A Fly in the Ointment: A Mitford Tease

Words by Lyndsy Spence & Meems Ellenberg

(Originally published in The Mitford Society: Vol III)

The echoing footsteps of Mabel along the long, narrow hallway of Rutland Gate caught Farve’s attention. The sound of his Puccini aria spinning on the gramophone did nothing to dispel an impending sense of doom. As he watered his window box of fascinators – the seedlings he had scattered the year before – he made a mental note to check on Mr Dyer tending to the boiler in the basement. Being a fellow who was susceptible to the supernatural he pondered if Dyer, who lived a subterranean existence below the seven floors, was dead. It was a distinct possibility. Before leaving the library he locked his cold cup of coffee in the safe, lest some money’s orphan should remove his suckments.
Farve passed Mabel, who held in her hand a lilac-coloured envelope. ‘So gauche, so noveau-riche,’ Muv had groaned when these bizarre envelopes had first started to appear on the tray of post. They were always addressed to Miss Nancy. ‘What a stench!’ Muv had choked, reacting to the overwhelming scent of tuberose.

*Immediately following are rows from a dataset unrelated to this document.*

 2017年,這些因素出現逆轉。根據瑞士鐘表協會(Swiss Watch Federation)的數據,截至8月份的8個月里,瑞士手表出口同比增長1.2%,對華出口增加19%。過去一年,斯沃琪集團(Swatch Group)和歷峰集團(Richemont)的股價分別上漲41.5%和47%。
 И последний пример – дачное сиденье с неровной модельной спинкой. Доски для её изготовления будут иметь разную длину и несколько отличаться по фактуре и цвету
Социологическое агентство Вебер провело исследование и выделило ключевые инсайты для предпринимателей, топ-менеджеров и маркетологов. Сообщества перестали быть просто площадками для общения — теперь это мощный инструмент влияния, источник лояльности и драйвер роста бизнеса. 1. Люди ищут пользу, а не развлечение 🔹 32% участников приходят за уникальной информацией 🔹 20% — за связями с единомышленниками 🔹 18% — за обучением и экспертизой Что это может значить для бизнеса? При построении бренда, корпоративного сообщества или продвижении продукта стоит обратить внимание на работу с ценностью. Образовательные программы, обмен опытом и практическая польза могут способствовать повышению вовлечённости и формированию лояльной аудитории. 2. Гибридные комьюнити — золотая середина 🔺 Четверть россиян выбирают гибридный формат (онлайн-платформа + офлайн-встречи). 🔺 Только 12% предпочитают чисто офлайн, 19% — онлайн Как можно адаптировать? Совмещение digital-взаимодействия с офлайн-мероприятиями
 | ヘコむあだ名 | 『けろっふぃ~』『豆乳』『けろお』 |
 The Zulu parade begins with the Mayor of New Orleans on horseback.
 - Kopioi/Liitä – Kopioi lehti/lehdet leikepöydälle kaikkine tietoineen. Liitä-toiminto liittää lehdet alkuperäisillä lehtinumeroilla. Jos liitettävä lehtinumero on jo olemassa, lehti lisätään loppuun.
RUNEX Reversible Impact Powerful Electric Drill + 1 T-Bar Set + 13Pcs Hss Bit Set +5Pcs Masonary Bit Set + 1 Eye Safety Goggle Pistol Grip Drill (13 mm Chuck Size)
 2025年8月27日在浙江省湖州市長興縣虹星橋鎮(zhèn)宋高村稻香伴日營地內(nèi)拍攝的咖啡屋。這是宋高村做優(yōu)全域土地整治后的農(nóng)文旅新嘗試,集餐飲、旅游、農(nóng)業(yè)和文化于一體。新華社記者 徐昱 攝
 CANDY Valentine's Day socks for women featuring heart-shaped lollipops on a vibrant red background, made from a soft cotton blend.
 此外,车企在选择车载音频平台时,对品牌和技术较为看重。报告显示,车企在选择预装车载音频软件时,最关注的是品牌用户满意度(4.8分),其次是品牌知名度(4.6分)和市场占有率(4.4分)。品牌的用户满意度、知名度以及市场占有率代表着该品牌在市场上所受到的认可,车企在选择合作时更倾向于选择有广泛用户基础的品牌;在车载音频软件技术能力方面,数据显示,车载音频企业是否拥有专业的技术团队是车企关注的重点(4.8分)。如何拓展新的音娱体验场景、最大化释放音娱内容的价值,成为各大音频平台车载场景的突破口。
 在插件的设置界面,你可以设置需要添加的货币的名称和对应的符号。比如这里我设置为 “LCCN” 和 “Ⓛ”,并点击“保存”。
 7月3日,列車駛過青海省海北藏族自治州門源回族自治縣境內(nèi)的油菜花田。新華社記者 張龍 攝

She knew with certainty, as she knew most things from her days on the high seas, that tuberose was responsible for many a debaucherous deed. ‘Another one?’ Farve approached Mabel, he was looking especially exotic in his paisley print dressing gown, sipping tea from a thermos and puffing on a gasper. He took the letter and examined it. A scattering of letters rudely cut from a magazine were glued to the lilac page. ‘You are a charlaten and I hate you,’ it read, though charlatan was spelled incorrectly. Having read only one book in his life, Farve failed to notice. ‘I am a Mitford and I despise you,’ the venom dripped off the page, or was it runny glue? ‘You are ALL I despise,’ it added once more in case the message wasn’t clear.
‘Who do you suppose it is?’ Mabel asked. ‘Not Jicksy, I should hope.’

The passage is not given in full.